Две тенденции – всеобщей автомобилизации и перманентного сокращения размеров автомобиля – наконец-то соединились. Не обошлось и без помощи компьютерной техники и нанотехнологии: вживлённые чипы и датчики взяли на себя контроль действия всех систем человеческого организма, а чудеса генной инженерии позволили довести тело до подлинного совершенства. У человека больше не было необходимости покупать автомобиль. Он сам стал автомобилем! Главное, практически не пришлось переделывать сеть автосервиса: топливозаправочные станции и закусочные слились воедино. Так, что перехода никто и не заметил. Исчезла масса проблем: парковки, запасных частей, автомобильных кладбищ и изношенных шин.

Правда, появилось ряд новых, и одну из них Джону предстояло решить в ближайшее время.

Он мчался по шоссе, а глаза его продолжали выискивать шиноремонтную мастерскую: он проколол пятку, и нога сдувалась.

Немножко отдохнуть

Откинув в сторону медвежью шкуру, Уу-Ых встал под закопчённый свод пещеры.
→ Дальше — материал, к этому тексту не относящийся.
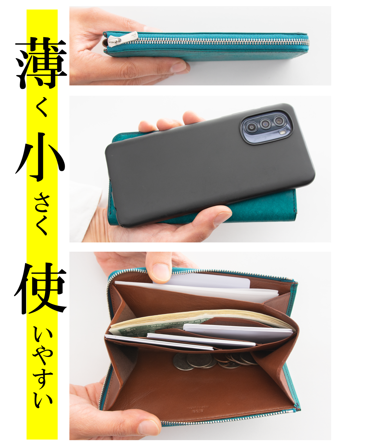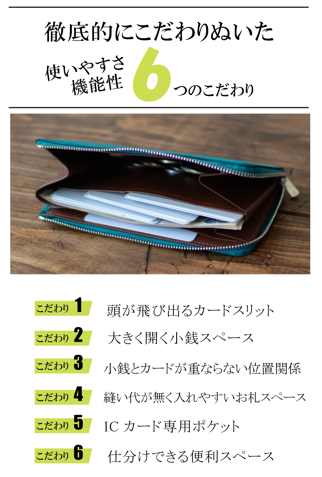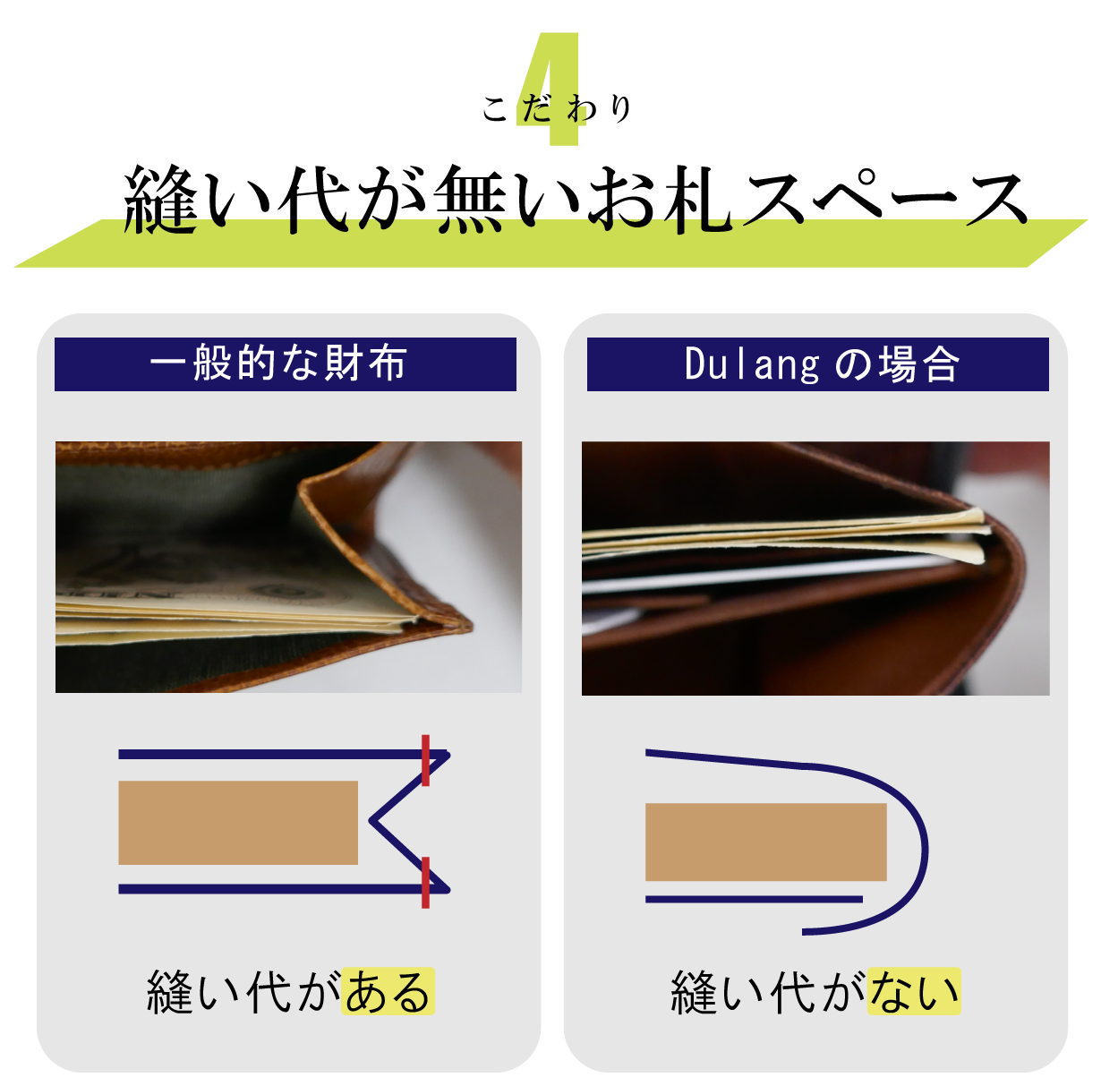 dulangでは風琴マチという技法を用いてお札の収納部分に縫い代がないように工夫をしています。
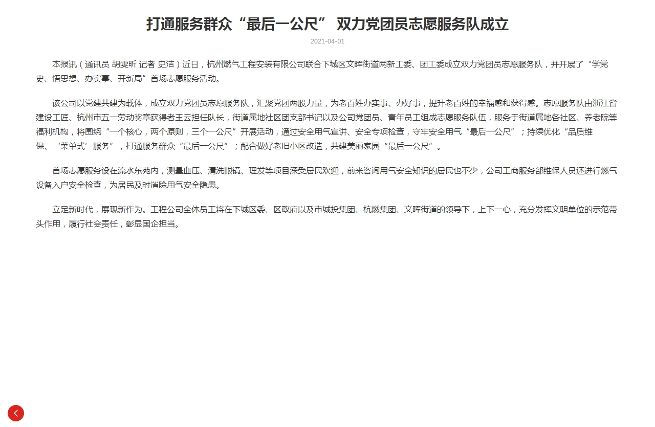 该公司以党建共建为载体,成立双力党团员志愿服务队,汇聚党团两股力量,为老百姓办实事、办好事,提升老百姓的幸福感和获得感。志愿服务队由浙江省建设工匠、杭州市五一劳动奖章获得者王云担任队长,街道属地社区团支部书记以及公司党团员、青年员工组成志愿服务队伍,服务于街道属地各社区、养老院等福利机构,将围绕“一个核心,两个原则,三个一公尺”开展活动,通过安全用气宣讲、安全专项检查,守牢安全用气“最后一公尺”;持续优化“品质维保、‘菜单式’服务”,打通服务群众“最后一公尺”;配合做好老旧小区改造,共建美丽家园“最后一公尺”。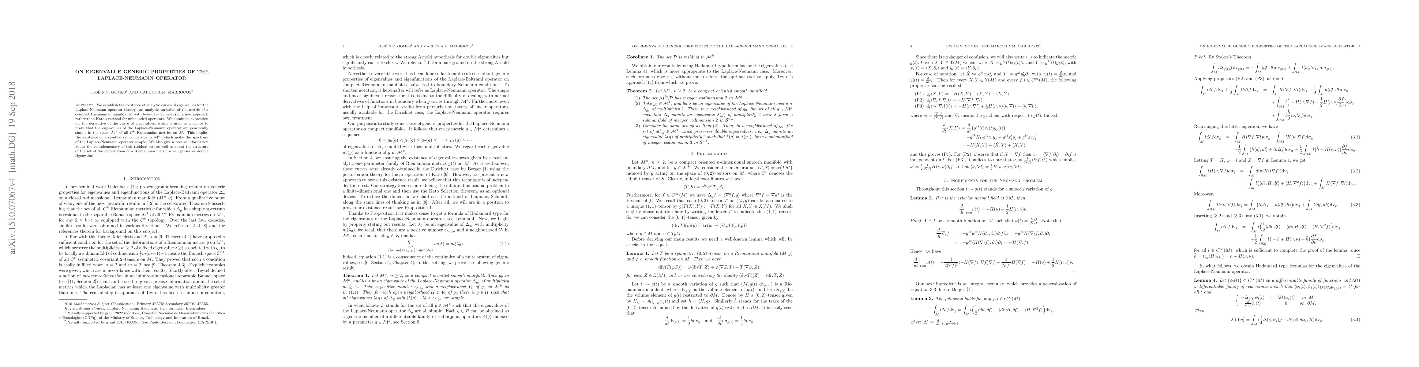 Researchers establish that eigenvalues of the Laplace-Neumann operator on a compact Riemannian manifold can vary analytically along curves in a way that makes them generally simple, with some metrics preserving double eigenvalues.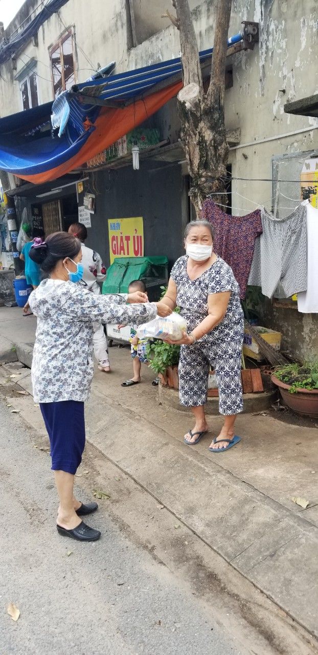 Đồng nghiệp Hữu Công hổ trợ 1 bao bắp nếp, lathuvang nhờ chị Chữ Thập Đỏ tặng các hộ gia đình trong khu cách ly của Phường 15- Q10.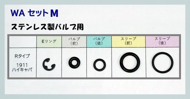 - WA セットM 1911 ハイキャパ Rタイプ ステンレス/スチール製バルブ 放出バルブ用Oリング ウエスタンアームズ ガスブロ ガスガン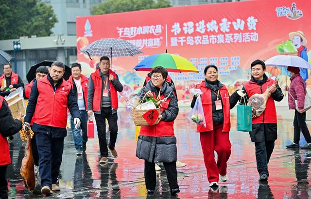 戴着党徽跑市场,城乡互动架桥梁。2018年末,淳安县枫树岭镇组织28个村的村书记“拧成一股绳”,肩扛锄头、怀抱南瓜、手拎酒坛,开着40多辆满载60多种山货的车来到杭州运河广场,在杭城刮起“杭儿风”。此后的8年,这一活动不断迭代更新:2023年,“书记进城卖山货”扩大到淳安全县,淳安县23个乡镇“书记总动员”,村书记、乡镇书记、各局委办书记,甚至县委书记等,共有超过100名书记参与到活动中,山货种类也越来越丰富;随后还增加了新农人群体——“千岛农客”,引入了潮流玩法“山货盲盒”;邀请书记们参加“中国年·年货节”等等。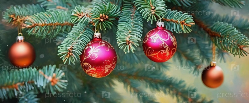 Красочные рождественские украшения украшают ветви пихты, яркие шары в оттенках красного, золотого и розового цветов, воплощающие праздничное настроение зимой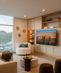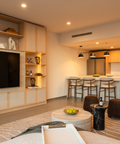 El lenguaje del diseño parte de una base neutra: muros suaves que amplifican la luz y una paleta dominada por madera de encino natural, seleccionada por su durabilidad y tono acogedor. El uso de rattán en detalles clave aporta textura y una sensación orgánica que conecta con lo artesanal y refuerzan la conexión con lo orgánico, lo texturizado, lo humano.. Los acentos en textiles cálidos, arte abstracto y mobiliario curado enriquecen visualmente cada rincón, sin perder la funcionalidad.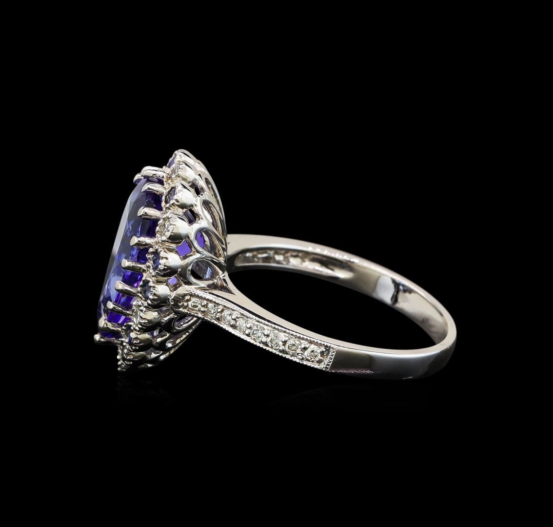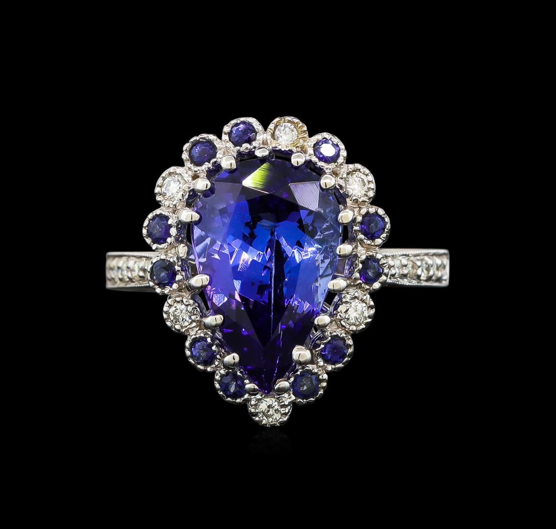 One electronically tested 14KT white gold ladies cast tanzanite, sapphire and diamond ring with a cathedral shank with a bright polish finish. Trademark is Orianne. Identified with markings of "14K". Condition is new. Containing: One prong set pear modified brilliant cut natural tanzanite, measuring 13.11 x 7.51 x 5.85mm, approximate weight of 3.86ct., clarity is eye clean, type I, medium light, very slightly grayish, bluish violet color, (GIA bV 4/3), cut is good. Twelve prong set round modified brilliant cut natural blue sapphires, measuring 2.00 - 2.00 x 1.30 mm, approximate total weight of 0.48ct., clarity is moderately included, type II, medium, moderately strong, blue color, (GIA B 5/4), cut is good. Twenty-Two prong set round brilliant cut diamonds, measuring 1.10 - 1.10 x 0.66mm (depth est.) approximate total weight of 22 Stones = 0.11ct. Clarity: I-1 to I-2. Color: I - J. All diamonds and colored gemstones are graded in the mounting, unless otherwise stated. Colored gemstones are presumed to have been subjected to commonly used enhancement processes. Total Weight of Colored Stones 4.34ct. Total Weight of Diamonds 0.11ct. Total Weight of Ring 5.10 grams. GGL Appraised at $4,260.00.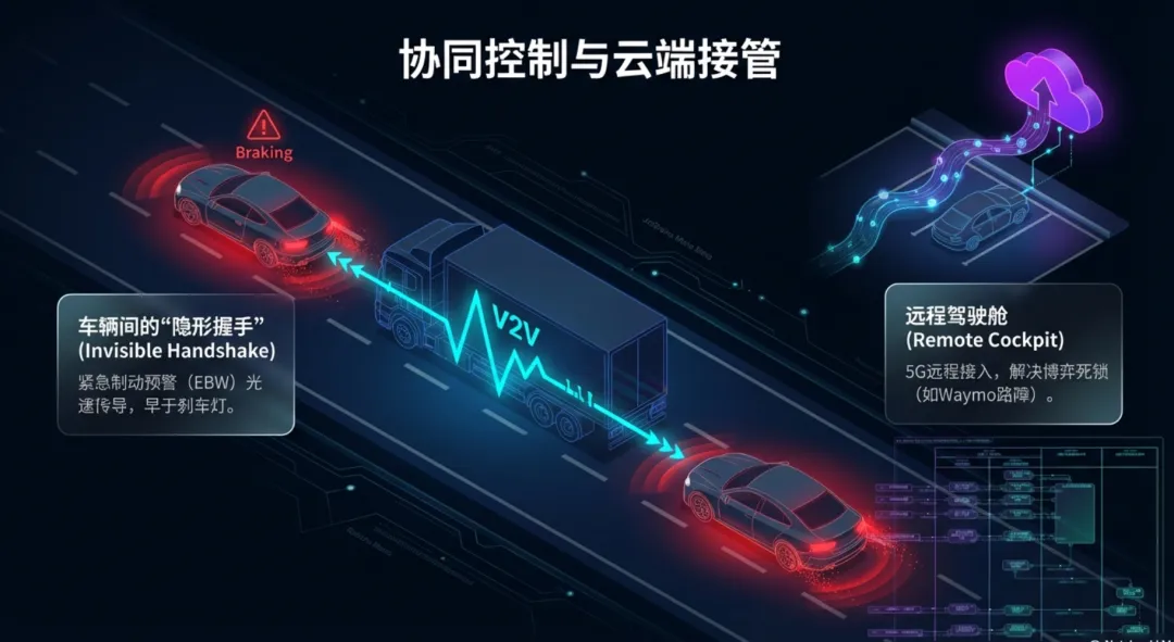当车辆遭遇单车智能无法处理的困境(如传感器故障或复杂博弈死锁)时,云端不再是旁观者,而是远程驾驶舱(Remote Cockpit)。通过5G低时延网络,云端可以迅速介入,由远程安全员接管或引导车辆至安全区域,避免车辆像Waymo一样由于逻辑死锁而成为路障引发二次事故,这个场景称之为远程控制驾驶,主要解决脱困问题,避免次生事故。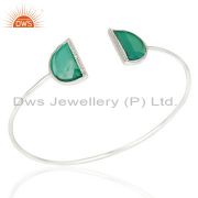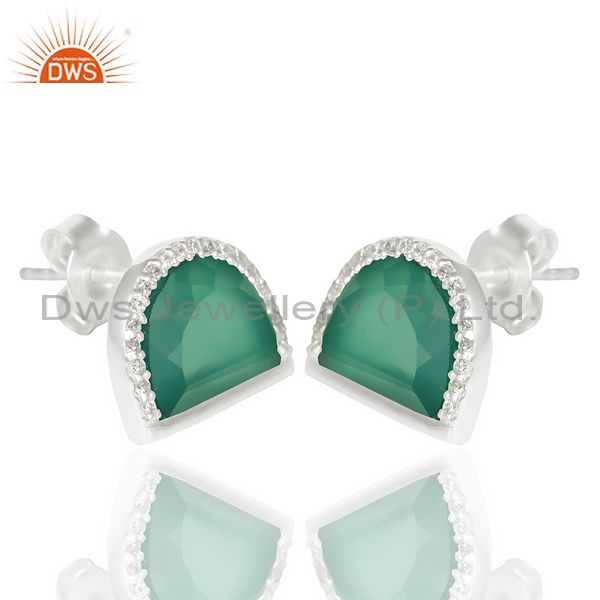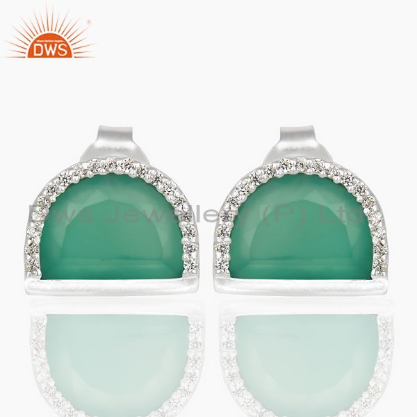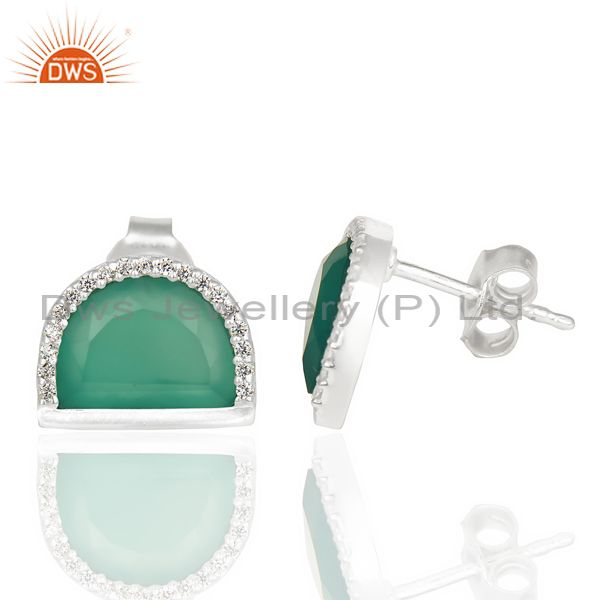 Green Onyx Half Moon Cz Stud 92.5 Sterling Silver Trendy Earring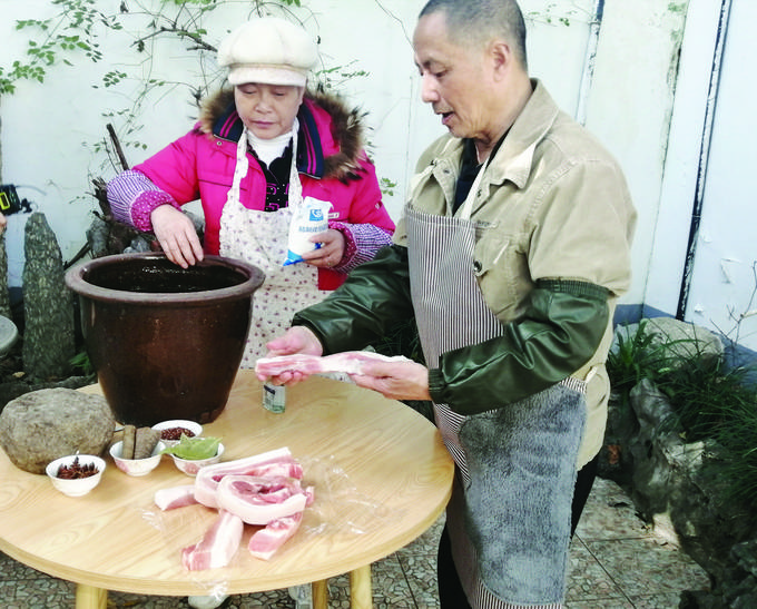 一大早,胥江社区工作人员准备好了猪肉、盐、花椒、腌缸等材料,阿姨叔叔们撸起袖子跃跃欲试。“到了小雪节气了,天气越来越冷,我们‘老苏州’最喜欢在家腌肉了。”家住沧浪街道胥江新村的陆美华算是资深美食达人,当天,在胥江社区活动室里,陆阿姨和老伴钱老伯又一次展示了手艺。陆美华将五花肉一条条摊开来,在两面撒上粗盐,用手不断揉搓着表皮,一块块新鲜的五花肉在陆美华和老伴的手中反复揉搓,得到了充分“按摩”,满满渗出了“汗液”。“揉搓也是个技术活,力度太轻和太重都不行,必须让肉微微出水才行。”钱老伯边揉边向居民传授揉搓经验,在放入缸中之前,钱老伯开了一小瓶白酒洒在了五花肉上,面对年轻居民迷惑的表情,钱老伯向他们解释道:“洒点酒可以杀杀菌,而且还能让腌肉有种特别的香味。”大家按照陆阿姨和钱老伯的方法,亲手操作了一番,年轻居民在阿姨们的手把手教学中也做得有模有样。居民赵阿姨还开玩笑说道:“简直就像在给五花肉做SPA按摩了。”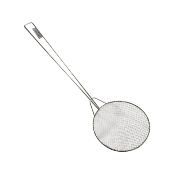 Feita de metal resistente, a escumadeira possui um cabo longo que permite manter uma distância segura do óleo quente, evitando queimaduras. O cabo de metal é durável e projetado para resistir ao calor, garantindo que você possa usar a escumadeira com segurança e conforto.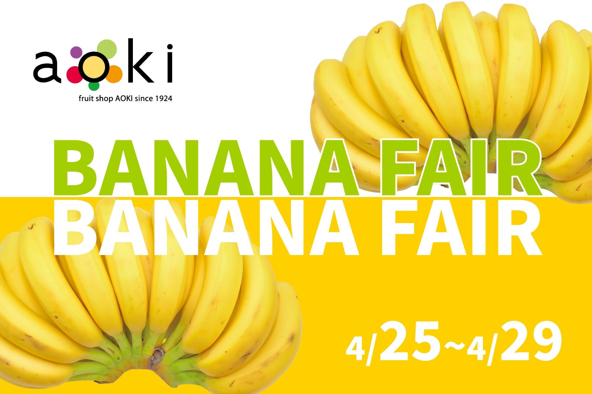 青木フルーツ株式会社(本社:福島県郡山市、代表取締役社長:青木大輔、以下青木フルーツ)が運営するフルーツ専門店「フルーツショップ青木」は、2026年4月25日(土)から2026年4月29日(水・祝)の期間、東武池袋店を除く全店で「ハニーバナナフェア」を開催いたします。青木フルーツの原点として大切に販売しているハニーバナナを特別価格で購入できるほか、フルーツショップ青木 本店では“バナナの木”を展示し、実際にもぎって購入できる体験もご用意しています。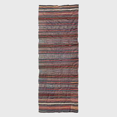 woollen weave, dyed using vegetal and mineral pigments, strip cloth with intricate designs in red, yellow, blue, black and natural colour, 5 strips are subdivided into horizontal bands, some solid and some featuring floating motifs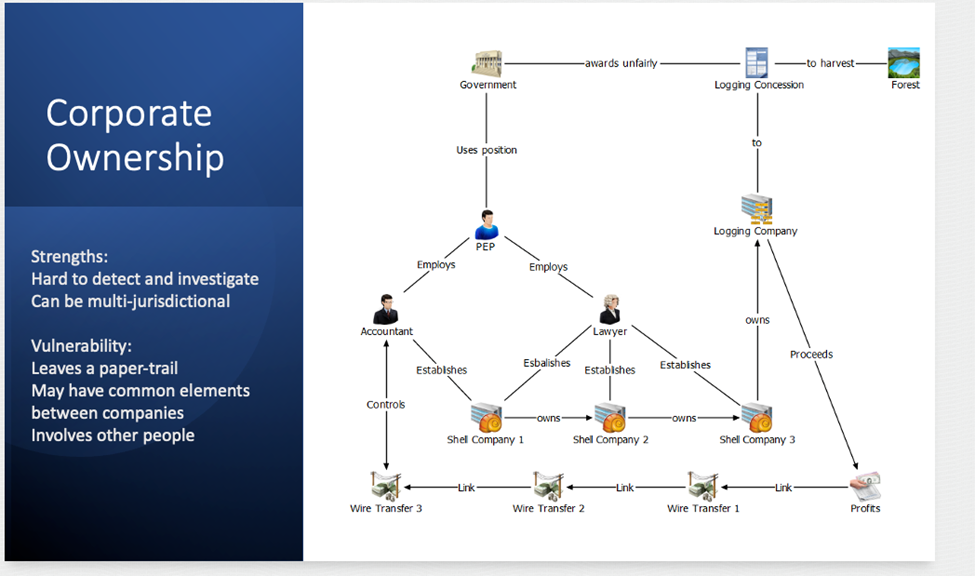That fount of all wisdom (the internet) attributes the saying that a picture is worth a 1,000 words to Napoleon (here). The self-crowned emperor was many things, but a harried anticorruption investigator or prosecutor trying to explain the links between a criminal’s wrongdoing and a corporation to a judge of less than genius caliber or a jury after the lunch break he was not. Had he ever been in such a situation, he would have realized he vastly understated a picture’s value.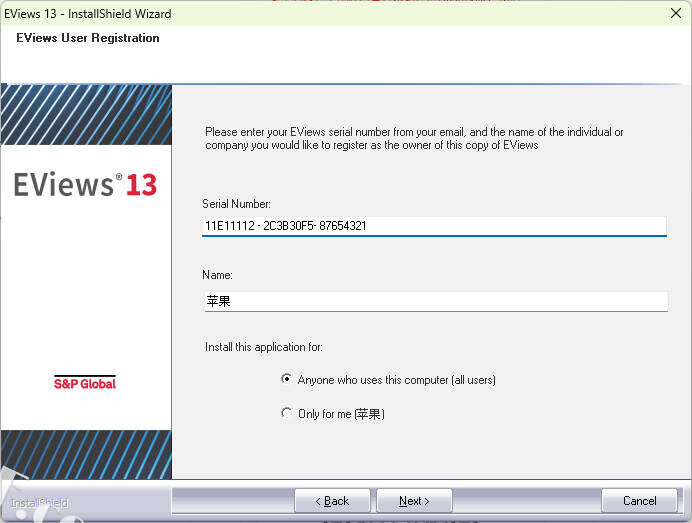 5输入Serial Number:【11E111122C3B30F587654321】,输入Name【苹果】,点击Next。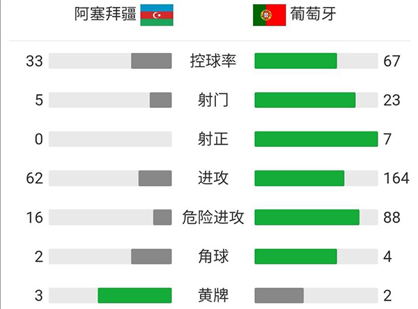 全场比赛结束,葡萄牙3-0战胜阿塞拜疆。

От кострища тянуло едва ощутимым теплом: там, под слоем пепла, ещё сохранились тлеющие угольки.

Уу-Ых ухмыльнулся: маленькая хитрость удалась. Раньше он разгребал угли, чтобы избежать угара, и к утру огоньки гасли и остывали. Костёр приходилось разводить заново. А оказалось, их нужно укрывать золой и пеплом. Тогда подача кислорода минимизируется, и угли сохраняются дольше.

Поймав себя на профессионализме, Уу-Ых поморщился: терялось восприятие эпохи. Но всё равно пора идти на работу, и, хочешь не хочешь, выходить из образа. Тем более что в обозреваемом пространстве пещеры необглоданных костей не осталось, а позавтракать следовало: день предстоял тяжёлый. Ну что же…

Уу-Ых подошел к кострищу, сгрёб верхний слой золы и пепла, положил сверху тонких сухих былинок и раздул пламя. Язычки огня весело заплясали на травинках, поднимаясь во весь рост и требуя большего.

Уу-Ых подбросил в начинающийся костер прутиков и лучинок, заблаговременно наколотых вчера из толстенного полена каменным рубилом, и подложил сверху более толстых веток и сучьев. Затем подошел к холодильнику, замаскированному под огромный замшелый валун, и открыл дверцу. Яркий свет на мгновение ослепил его и заставил зажмуриться. Неожиданный переход от тьмы к свету – неважно, в реальном мире, или в психологических вывертах жизни – вызывал однозначную реакцию. Но если, спасаясь от яркого света, можно прикрыть глаза, то что прикроешь, спасаясь от неожиданных ярких мыслей и впечатлений? То-то и оно.

Уу-Ых достал с верхней полки холодильника заблаговременную переложенную туда из морозильного отделения медвежью ногу (или свиную, имитирующую медвежью. Впрочем, нынешние чудеса генного клонирования позволяли питаться любым экзотическим продуктом) и нанизал на примитивный вертел.

Время имелось: до сегодняшнего рейса на Сириус оставалось около двух часов, и Джон Хопкинс, пилот космического транспорта, в просторечии именуемый Уу-Ых, мог позволить себе несколько минут отдыха.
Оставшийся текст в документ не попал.